Proverbs 25:14 (KJV) 14 Whoso boasteth himself of a false gift is like clouds and wind without rain.


----------



## LeeJUk (Feb 4, 2010)

The mans a complete fruit n' nutcake.


----------



## Claudiu (Feb 5, 2010)

What Keith Olbermann is to MSNBC, Glen Beck is to Fox. Flamboyant and over the top in my opinion. It's his style of getting people to follow him and it works.

Like most media people, he commits plenty of fallacies in reasoning. 

Murdoch knew what he was doing when he pulled him on to Fox...


----------



## Galatians220 (Feb 5, 2010)

I'm not a huge fan of Beck and his stunts with Twinkies and cherry pies and gallons of water, etc. are where I tune him out. I watch him most days, though, when I'm home and I do some fact-checking on him. Bottom line, In my humble opinion: if we ignore _everything_ he says and dismiss his conclusions out of hand because he's a bit nuts, it's to our detriment... _[Covering head, aiming for the nearest hole in the floor...  ]_ He's right about the U. S. debt to China, its implications and its likely outcome. That and a few other things, too.


----------



## fredtgreco (Feb 5, 2010)

Claudiu said:


> What Keith Olbermann is to MSNBC, Glen Beck is to Fox. Flamboyant and over the top in my opinion. It's his style of getting people to follow him and it works.
> 
> Like most media people, he commits plenty of fallacies in reasoning.
> 
> Murdoch knew what he was doing when he pulled him on to Fox...

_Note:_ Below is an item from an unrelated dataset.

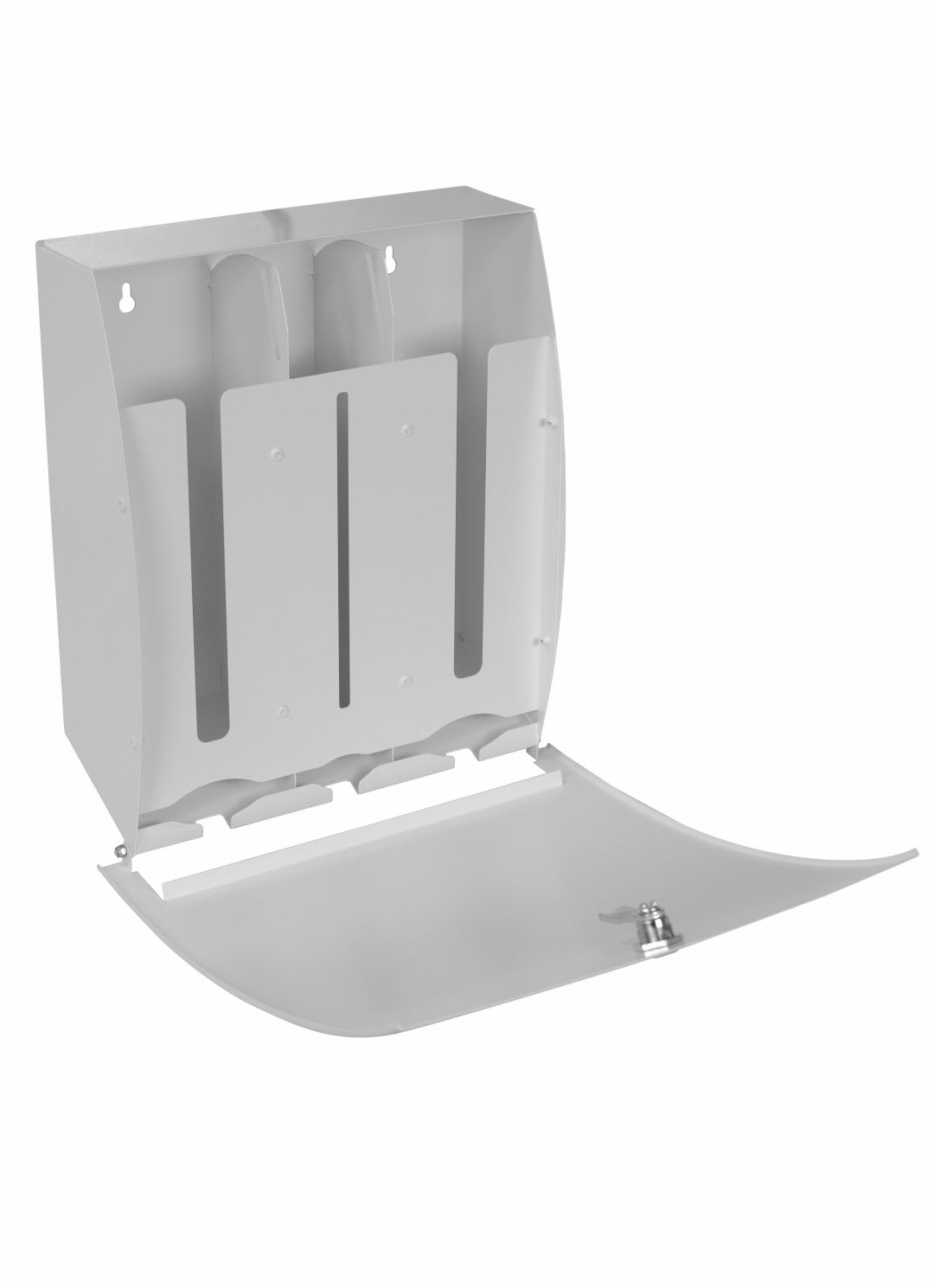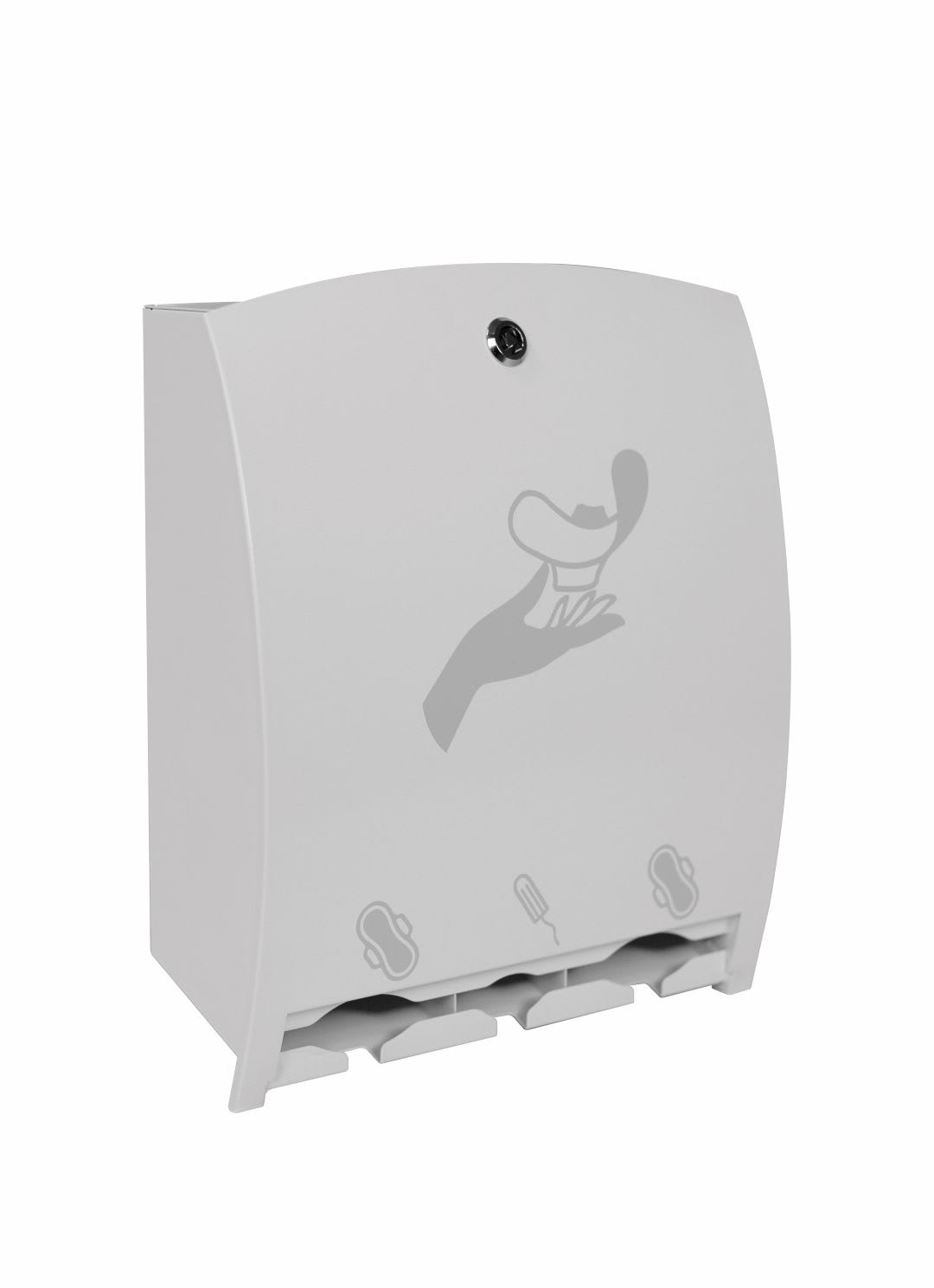 Distributeur de protections périodiques blanc en acier. 2 compartiments pour les serviettes périodiques et 1 compartiment pour les tampons. Fermeture sécurisée à clef.

Not quite. Beck is over the top - but Olberman is evil. Yes, evil.


----------



## Claudiu (Feb 5, 2010)

fredtgreco said:


> Claudiu said:
> 
> 
> > What Keith Olbermann is to MSNBC, Glen Beck is to Fox. Flamboyant and over the top in my opinion. It's his style of getting people to follow him and it works.
> ...


 
 That's true.


----------



## tommyb (Feb 6, 2010)

Michael Turner said:


> The problem with being a nut is that even when you make exceptionally good points that could benefit millions....you're still a nut.



Also known as Ron Paul syndrome. It can be humbling. You start listening and think, this guy is making sense. You continue listening and begin to wonder if this is the first person you've ever come across who really, really "gets it." Then somewhere along the way you suddenly realize they have veered off into complete kooksville and you feel totally sheepish, embarrassed and taken in.


----------



## TimV (Feb 6, 2010)

How does that apply to Ron Paul? Paul is an MD and repeatedly re-elected legislator. Beck is a cynical entertainer like Limbaugh and Olberman is one of those garden variety liberals with an IQ in the high 90's who's associated with dumb people so long he thinks he's smart just by comparing himself with those he hangs around.


----------